* [ASSIGNMENT] Whichever lines of the entries hold the word "Beef" should be identified and copied.

* [DATASET EXCERPTS]
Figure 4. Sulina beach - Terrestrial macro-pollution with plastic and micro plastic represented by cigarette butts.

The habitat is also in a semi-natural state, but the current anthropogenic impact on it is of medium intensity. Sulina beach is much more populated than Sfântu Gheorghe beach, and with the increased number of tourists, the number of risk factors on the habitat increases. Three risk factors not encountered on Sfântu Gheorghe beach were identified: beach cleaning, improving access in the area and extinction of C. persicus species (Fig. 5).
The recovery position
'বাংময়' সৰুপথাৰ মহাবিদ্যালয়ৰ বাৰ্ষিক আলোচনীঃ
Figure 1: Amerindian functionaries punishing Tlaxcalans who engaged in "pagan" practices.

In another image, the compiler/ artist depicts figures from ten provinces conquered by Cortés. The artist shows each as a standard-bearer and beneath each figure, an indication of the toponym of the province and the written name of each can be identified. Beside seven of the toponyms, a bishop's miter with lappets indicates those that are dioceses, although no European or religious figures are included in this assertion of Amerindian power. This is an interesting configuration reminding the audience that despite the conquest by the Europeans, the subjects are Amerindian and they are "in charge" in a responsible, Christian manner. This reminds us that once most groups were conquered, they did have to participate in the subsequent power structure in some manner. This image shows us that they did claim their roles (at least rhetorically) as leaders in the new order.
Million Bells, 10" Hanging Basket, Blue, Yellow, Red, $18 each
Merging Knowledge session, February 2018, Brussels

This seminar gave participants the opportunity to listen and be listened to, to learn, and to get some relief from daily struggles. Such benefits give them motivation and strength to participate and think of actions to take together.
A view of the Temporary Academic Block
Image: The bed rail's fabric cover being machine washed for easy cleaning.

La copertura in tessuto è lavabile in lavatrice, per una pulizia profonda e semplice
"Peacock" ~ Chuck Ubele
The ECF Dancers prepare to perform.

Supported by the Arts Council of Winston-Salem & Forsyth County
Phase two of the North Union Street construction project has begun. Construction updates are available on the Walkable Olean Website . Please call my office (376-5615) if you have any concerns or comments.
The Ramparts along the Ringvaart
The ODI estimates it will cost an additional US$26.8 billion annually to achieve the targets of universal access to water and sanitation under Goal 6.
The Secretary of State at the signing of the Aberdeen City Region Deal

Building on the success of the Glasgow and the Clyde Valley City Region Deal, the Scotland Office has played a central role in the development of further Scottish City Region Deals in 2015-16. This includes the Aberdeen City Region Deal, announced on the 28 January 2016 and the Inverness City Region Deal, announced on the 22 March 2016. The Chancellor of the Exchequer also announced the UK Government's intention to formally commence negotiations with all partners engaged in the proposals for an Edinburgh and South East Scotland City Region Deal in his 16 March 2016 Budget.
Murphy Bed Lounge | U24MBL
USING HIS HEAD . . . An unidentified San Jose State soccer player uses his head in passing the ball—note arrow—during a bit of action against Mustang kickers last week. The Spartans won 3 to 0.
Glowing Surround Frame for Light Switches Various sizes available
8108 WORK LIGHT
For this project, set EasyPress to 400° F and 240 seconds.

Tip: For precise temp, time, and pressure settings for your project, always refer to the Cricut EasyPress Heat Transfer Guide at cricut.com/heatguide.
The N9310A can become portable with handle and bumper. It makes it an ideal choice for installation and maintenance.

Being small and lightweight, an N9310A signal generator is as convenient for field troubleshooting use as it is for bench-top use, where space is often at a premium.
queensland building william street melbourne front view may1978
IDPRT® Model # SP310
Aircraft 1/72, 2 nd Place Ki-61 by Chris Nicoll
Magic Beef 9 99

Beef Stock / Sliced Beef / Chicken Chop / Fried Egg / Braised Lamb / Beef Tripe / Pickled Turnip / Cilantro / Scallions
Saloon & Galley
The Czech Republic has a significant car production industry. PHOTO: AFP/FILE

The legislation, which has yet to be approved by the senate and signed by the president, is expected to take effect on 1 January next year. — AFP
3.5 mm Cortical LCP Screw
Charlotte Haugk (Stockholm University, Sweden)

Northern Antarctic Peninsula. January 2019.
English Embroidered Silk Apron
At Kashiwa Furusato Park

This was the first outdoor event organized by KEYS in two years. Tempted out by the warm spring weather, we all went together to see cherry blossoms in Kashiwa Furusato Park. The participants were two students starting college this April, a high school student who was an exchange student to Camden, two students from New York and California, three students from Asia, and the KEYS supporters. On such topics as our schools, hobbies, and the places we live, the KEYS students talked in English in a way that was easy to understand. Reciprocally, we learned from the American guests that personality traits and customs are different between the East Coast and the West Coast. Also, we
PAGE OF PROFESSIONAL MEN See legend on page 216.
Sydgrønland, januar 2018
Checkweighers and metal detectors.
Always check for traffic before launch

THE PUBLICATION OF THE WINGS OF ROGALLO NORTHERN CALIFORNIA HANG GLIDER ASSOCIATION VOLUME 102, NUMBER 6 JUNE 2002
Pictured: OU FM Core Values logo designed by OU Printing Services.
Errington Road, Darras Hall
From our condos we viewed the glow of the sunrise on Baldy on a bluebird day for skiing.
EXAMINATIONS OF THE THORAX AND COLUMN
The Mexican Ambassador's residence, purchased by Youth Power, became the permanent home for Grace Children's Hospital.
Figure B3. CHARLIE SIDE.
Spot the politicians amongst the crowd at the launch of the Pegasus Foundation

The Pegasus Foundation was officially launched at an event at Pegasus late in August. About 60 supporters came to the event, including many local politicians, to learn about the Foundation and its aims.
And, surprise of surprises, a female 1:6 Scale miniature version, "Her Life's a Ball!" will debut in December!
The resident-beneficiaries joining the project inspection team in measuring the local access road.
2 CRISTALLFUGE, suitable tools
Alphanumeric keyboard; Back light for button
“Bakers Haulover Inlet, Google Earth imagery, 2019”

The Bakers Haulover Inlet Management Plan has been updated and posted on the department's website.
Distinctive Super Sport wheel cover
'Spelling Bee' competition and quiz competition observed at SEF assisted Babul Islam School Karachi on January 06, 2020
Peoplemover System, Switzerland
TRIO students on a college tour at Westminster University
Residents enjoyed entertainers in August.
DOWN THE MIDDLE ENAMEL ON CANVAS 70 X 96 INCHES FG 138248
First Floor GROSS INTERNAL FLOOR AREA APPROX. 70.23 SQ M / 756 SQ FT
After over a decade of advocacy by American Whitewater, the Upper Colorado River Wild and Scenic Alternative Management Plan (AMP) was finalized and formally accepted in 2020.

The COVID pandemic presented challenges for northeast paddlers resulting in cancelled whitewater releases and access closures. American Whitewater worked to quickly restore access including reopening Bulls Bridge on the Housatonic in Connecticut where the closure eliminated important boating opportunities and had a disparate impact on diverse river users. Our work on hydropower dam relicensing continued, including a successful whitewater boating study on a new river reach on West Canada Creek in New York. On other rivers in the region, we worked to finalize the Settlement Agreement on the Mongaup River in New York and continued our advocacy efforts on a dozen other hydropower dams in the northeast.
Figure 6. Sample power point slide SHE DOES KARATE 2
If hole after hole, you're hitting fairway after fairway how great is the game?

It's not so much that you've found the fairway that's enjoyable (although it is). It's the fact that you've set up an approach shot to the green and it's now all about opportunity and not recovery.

* [OUTPUT FOR THIS TASK]
Magic Beef 9 99
Beef Stock / Sliced Beef / Chicken Chop / Fried Egg / Braised Lamb / Beef Tripe / Pickled Turnip / Cilantro / Scallions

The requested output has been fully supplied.